Supplied data section start
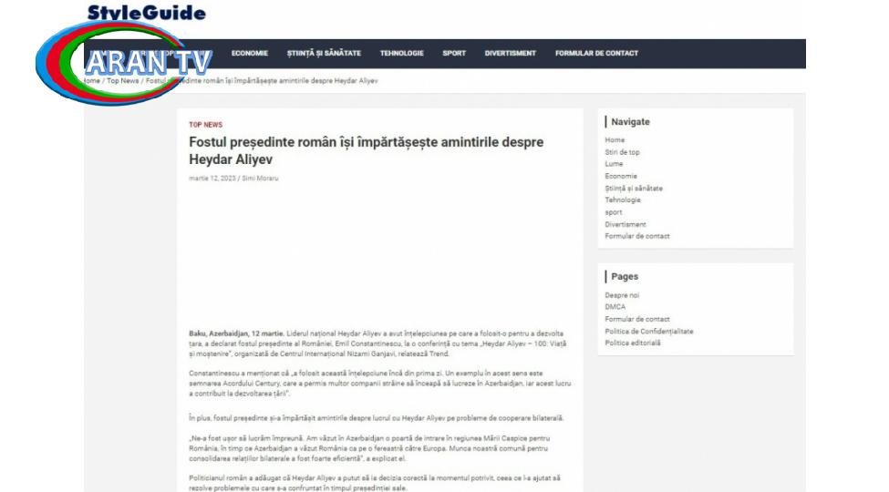 Rumıniyanın “Style Guide” portalı Qlobal Bakı Forumunda iştirak edən sabiq Prezident Emil Konstantineskunun Ümummilli Lider Heydər Əliyev barədə fikirlərini yayıb.
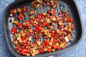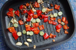 重起油锅,入花椒小火炸出香味,捞出花椒。(花椒开始变色即可捞起,炸久了会有苦味) 剩下的花椒油入干辣椒小火煎炸一会儿,倒入蒜末,大葱段和红辣椒丁中火爆香。
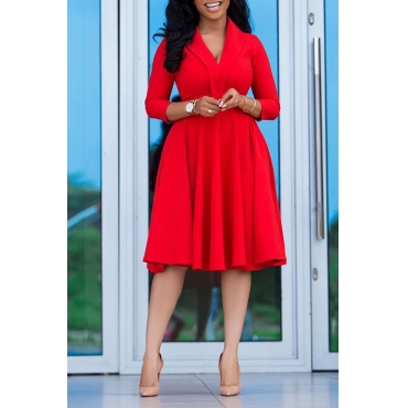 Lovely Leisure V Neck Red Knee Length Dress
Supplied data section end
Write out the whole listing exactly, with no pictures.

Output for this task —
 Rumıniyanın “Style Guide” portalı Qlobal Bakı Forumunda iştirak edən sabiq Prezident Emil Konstantineskunun Ümummilli Lider Heydər Əliyev barədə fikirlərini yayıb.
 重起油锅,入花椒小火炸出香味,捞出花椒。(花椒开始变色即可捞起,炸久了会有苦味) 剩下的花椒油入干辣椒小火煎炸一会儿,倒入蒜末,大葱段和红辣椒丁中火爆香。
 Lovely Leisure V Neck Red Knee Length Dress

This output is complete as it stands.